For fertility there are at least two projects that are running at the moment, one on research stations, and one on collaborator herds across the north, and I will just go through both these projects:

  •  The repronomics project is being run on three research stations across the north. It is being led by David Johnston from AGBU (Animal Genetics and Breeding Unit, UNE) and in that project they are using leading industry sires to breed heifers from Brahman, Droughtmaster, Santa Gertrudis breeds . The heifers at these research stations are evaluated for a number of yearsfor their fertility – age of puberty and then successive rebreeds.  All these animals are genotyped, and this information will go into genomic breeding values for fertility.

 

  • The other project is going on is the northern genomics project. The focus is on fertility and the aim of this project is to come up with genomic breeding values for fertility that work across breeds. So regardless of breed, you can get an accurate genomic breeding value for fertility is the aim. And in this project we are going to genotype 30,000 cows in collaborator herds across the north. Northern Australia is a fairly big area and consists of lots of different environments, so we’re trying to collect data from collaborator herds in these different environments.
    The traits we’re looking at are age of puberty as an early indicator of fertility. There is some work done showing that age of puberty is correlated with lifetime productivity in a cow. How many calves she has over a lifetime, so this involves ovarian scanning, Shannon Landmark (from Queensland Alliance for Agriculture and Food Innovation) has scanned 8000 heifers to see if they have cycled or not by 600 days is our current measure. The other two traits are pregnant or not during the first lactation, so ability to get pregnant on that first rebreed, and temperament as well is another trait we are looking at.
    And the aim again is to get accurate EBVs, genomic breeding values of all these traits, so you could pull a tail hair on your animal, send that away, and get exact genomic breeding values back.  During this project we’re also investigating how EBVs are best communicated or what resonates with people that would make them use EBVs more. Can they be communicated in a different way that makes them resonate with more people, make the information potentially easier to use?

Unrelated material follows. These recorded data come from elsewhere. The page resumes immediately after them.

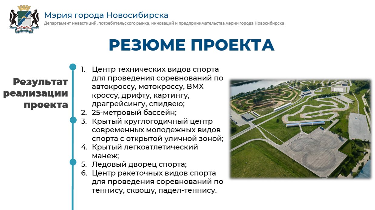 Мэрия Новосибирска ищет инвесторов для строительства центра технических видов спорта на улице Выборной. Здесь планируется проводить соревнования по автокроссу, мотокроссу, BMX-кроссу, дрифту, картингу, драгрейсингу и спидвею. Площадь выделенного участка составляет 894 462 квадратных метра.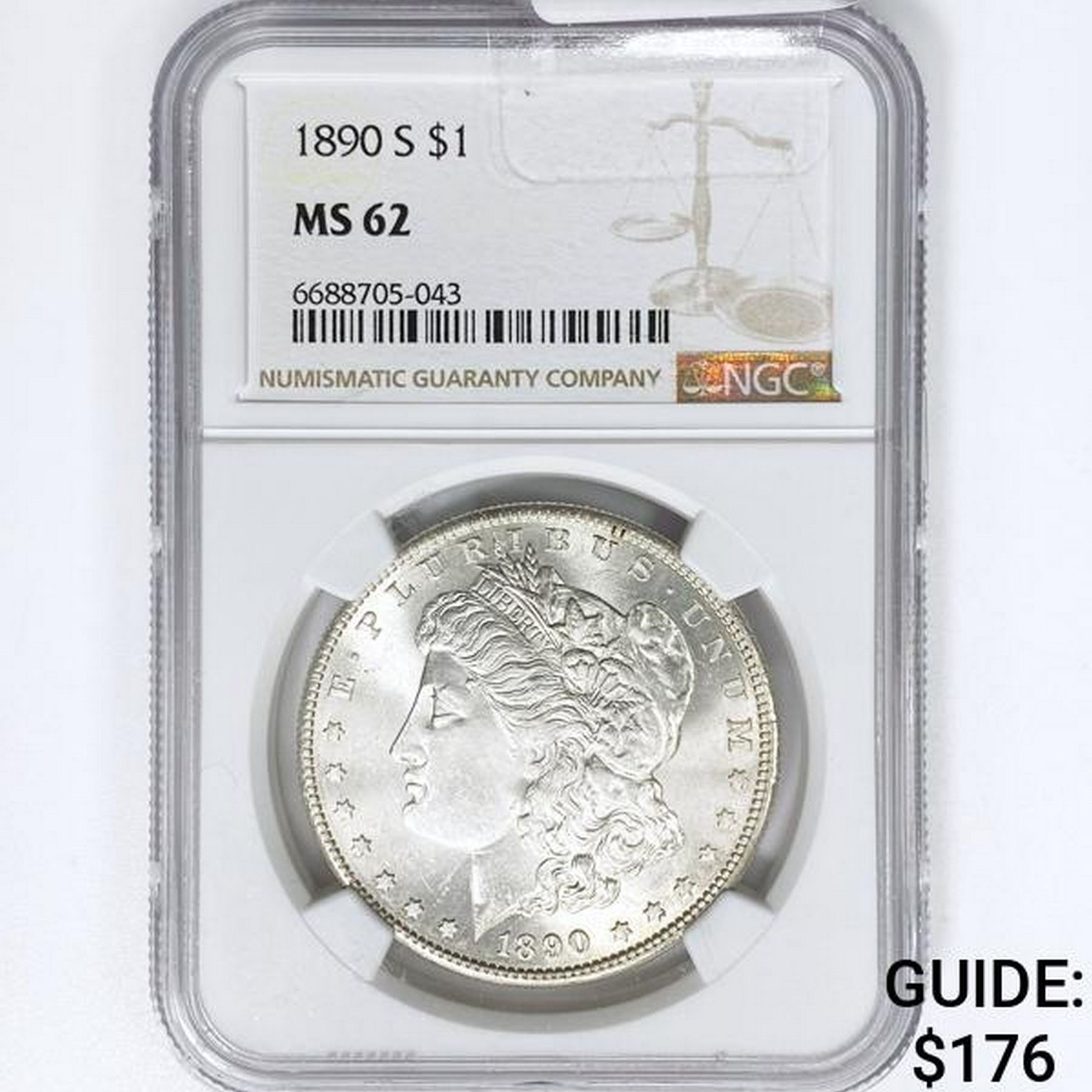 1890-S Morgan Silver Dollar NGC MS62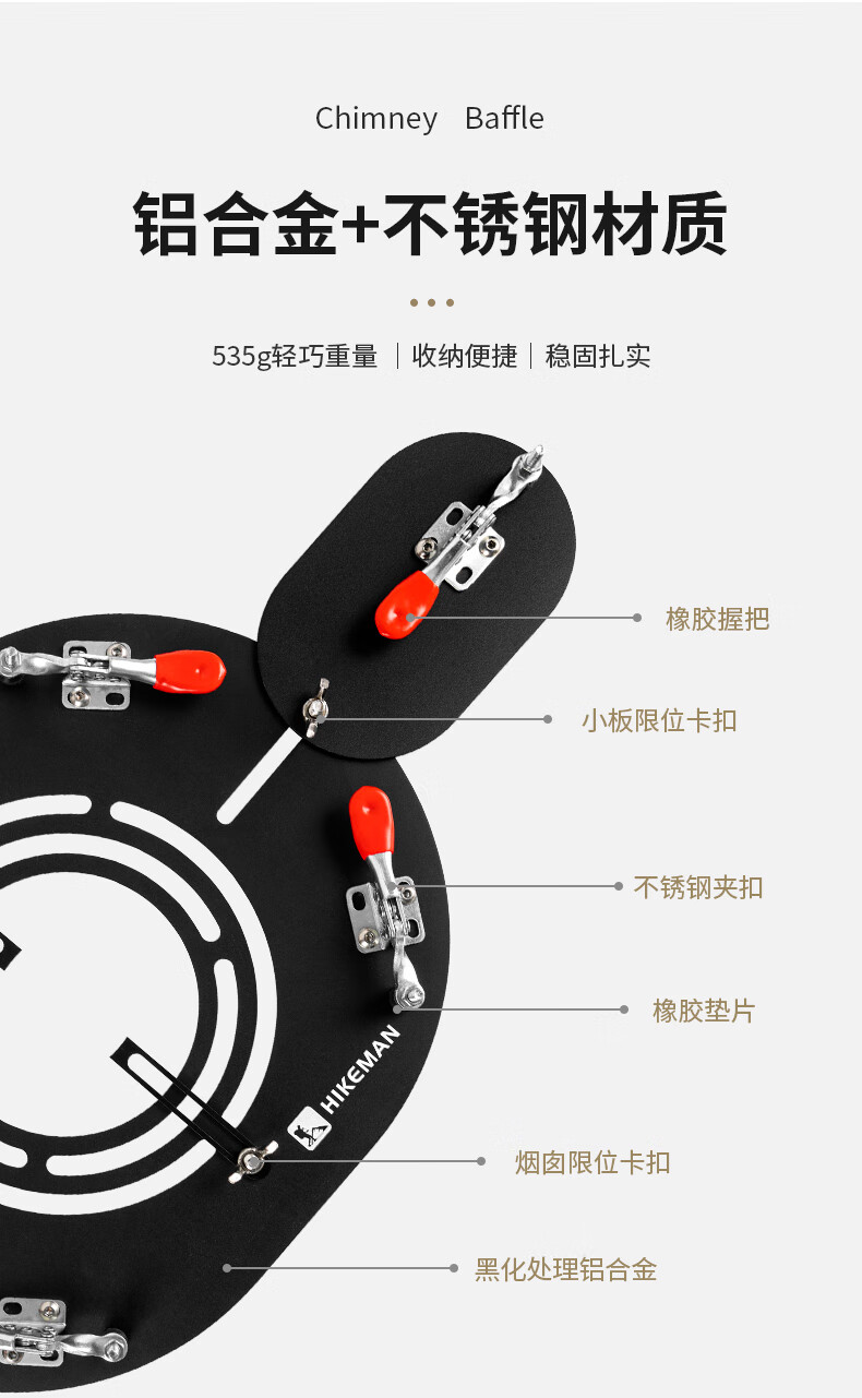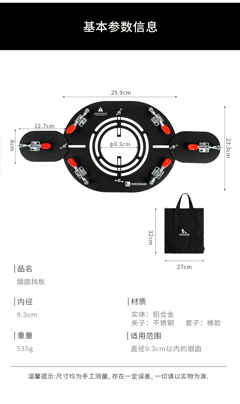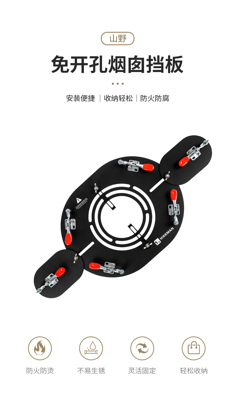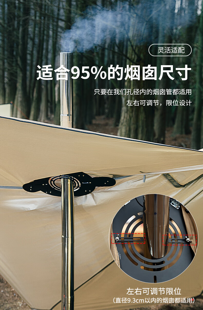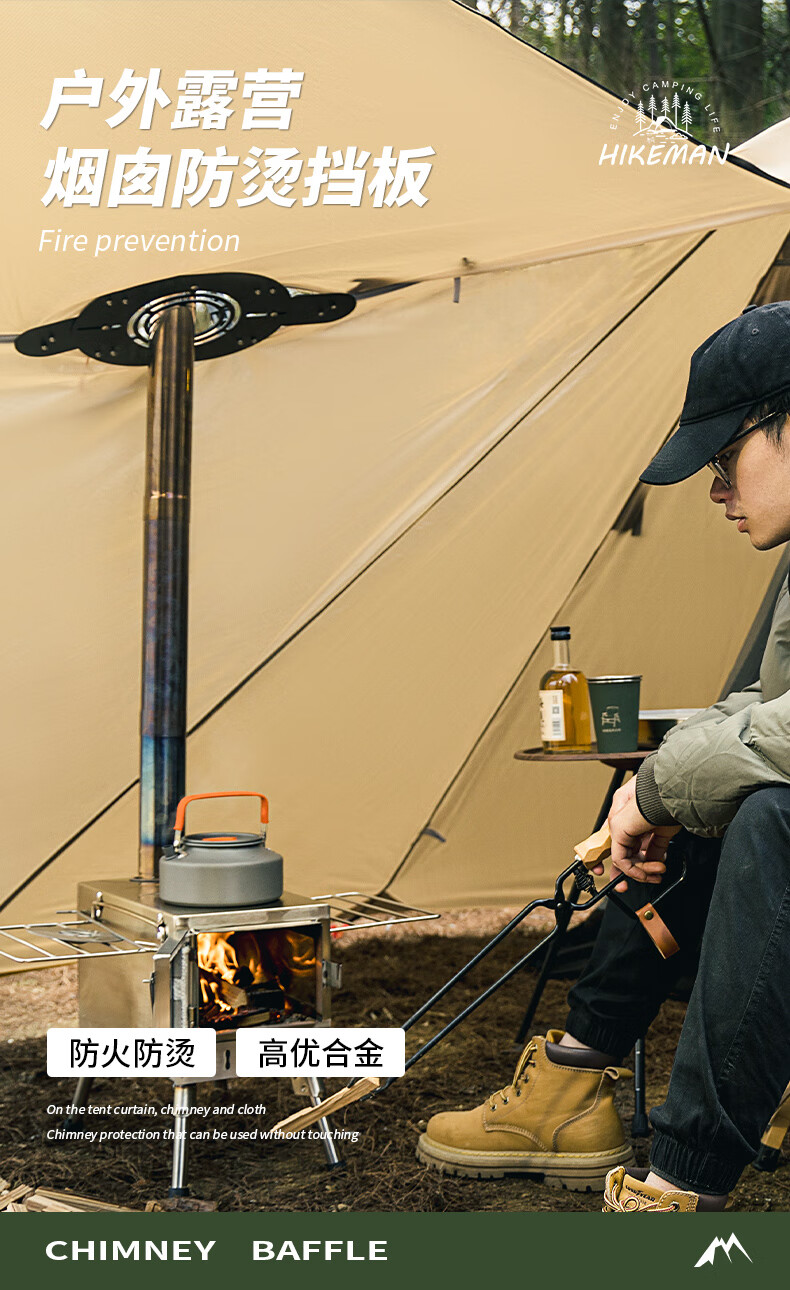 HIKEMAN户外免开孔帐篷烟囱防烫板柴火炉烟管隔热圈铝合金烟筒口配件改装 防烫板-小号【可调节9.3CM以内】+牛津布收纳袋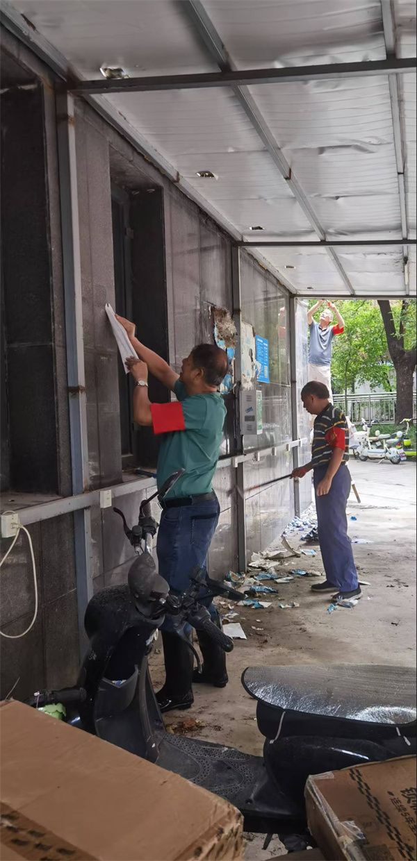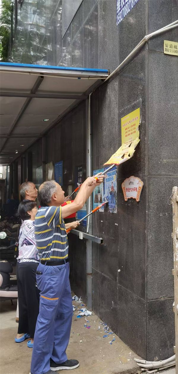 行動(dòng)中,志愿者們分為兩組,分工協(xié)作、高效推進(jìn)。“牛皮癬”清理組攜帶專業(yè)工具,對(duì)小區(qū)各樓棟墻面、單元門、電梯間及公共設(shè)施上的各類小廣告進(jìn)行徹底清理。面對(duì)黏附牢固的廣告貼紙,大家先以噴壺濕潤軟化,再細(xì)致鏟除,最后用抹布擦拭干凈,不遺漏任何一處衛(wèi)生死角。

Crush-side genotyping an exciting prospect

This technology is moving very rapidly. On the lab side it is actually being driven very very hard by the human genetics community, the biomedical people.

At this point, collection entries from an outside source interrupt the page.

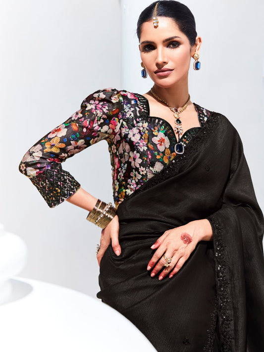 Dhiyona KM Women Black Saree With Floral Embroidered Blouse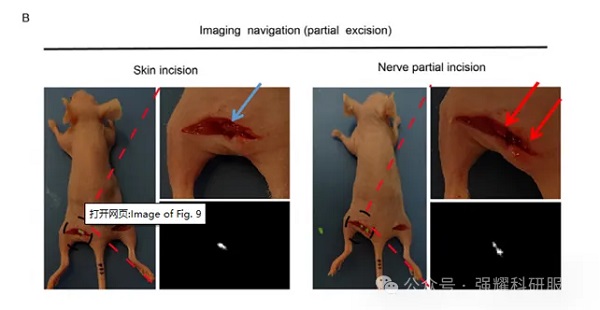 研究人员在PNI小鼠模型中使用GAP-43Ra-ICG-PEG探针进行手术导航,以验证其临床适用性。结果显示,仅通过肉眼进行“完全”切除容易遗漏一些微小病变。在对神经切除切缘的分析中,在神经残端发现了一些残留的肿瘤细胞。60%小鼠在神经切除边缘没有残余肿瘤细胞。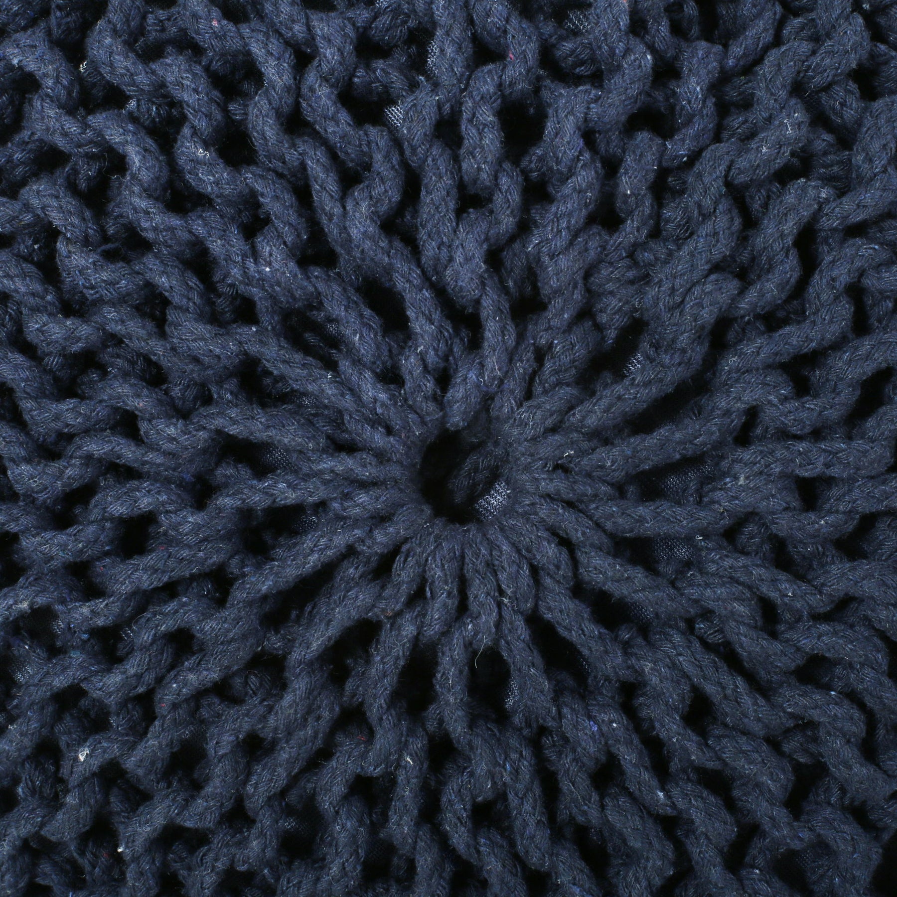 Bordeaux - Knitted Cotton Round Pouf Ottoman And Floor Cushion - Navy Blue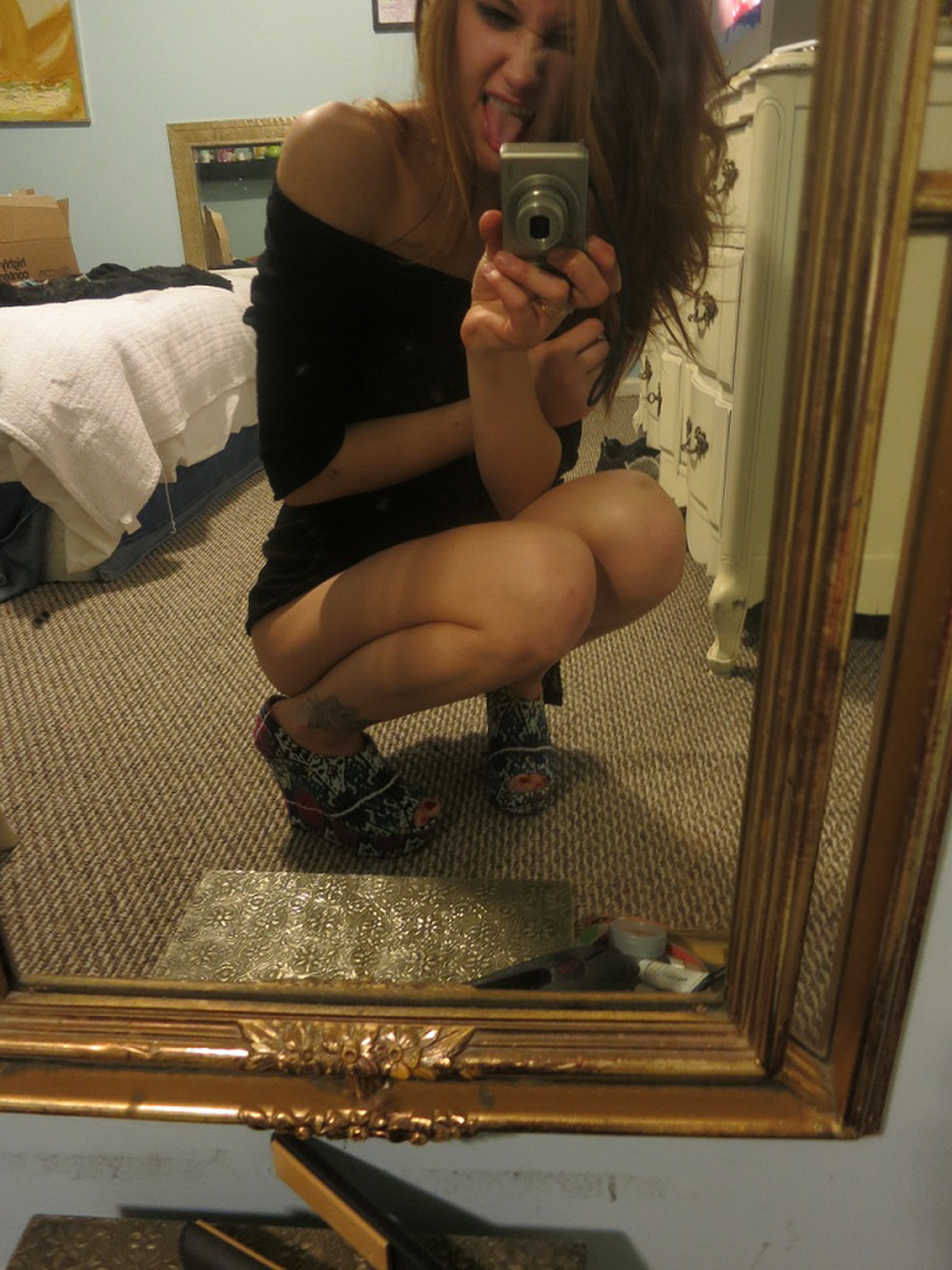Funn Little Mee Amateur Obsession atomicfrog mirror selfshot self skinny thin slender shorts jeans booty ass thong panties butt cute tiny tinytits bra legs heels slit pussy shaven shaved

We periodically look over the fence and borrow technology from them.

One bit of technology that is pretty exciting is the ability to sequence animal’s genomes really, really quickly. So potentially within minutes.

And this could lead to crush side genotyping. So imagine you have got your cattle in the race, you pull a tail hair, at one of the race, stick it in to a machine, and this is machine you might stick it in:

This is actually a DNA sequencer that is the size of a USB stick and it reads off the genome of the animals.

And that means that by the time the animal gets to the crush, you might have not only its genome sequence, but through your computer a generated genomic breeding values for the animal.

Then you could decide: ‘ this heifer has really poor genetics for fertility, she is less likely to get pregnant, we are going to have to cull her, whereas this other heifer, the prediction is she will have lots of calves over her lifetime, we will keep her’, so is really exciting.

So to finish up, it is really important for breeds to balance up the different traits they contribute to profitability, including fertility, and genomic breeding values are really an opportunity to accelerate genetic gain.

The industry has a couple of challenges here, one is we need to collect these fertility phenotypes, and that is going to be an ongoing job. One thing we have learned in genomics all around the world, in Ireland as well, you just need to keep collecting this data to keep backing up genomic predictions, the job is not over once we have finished these projects, that is absolutely critical.

There are exciting technologies on the horizon like crush side genotyping.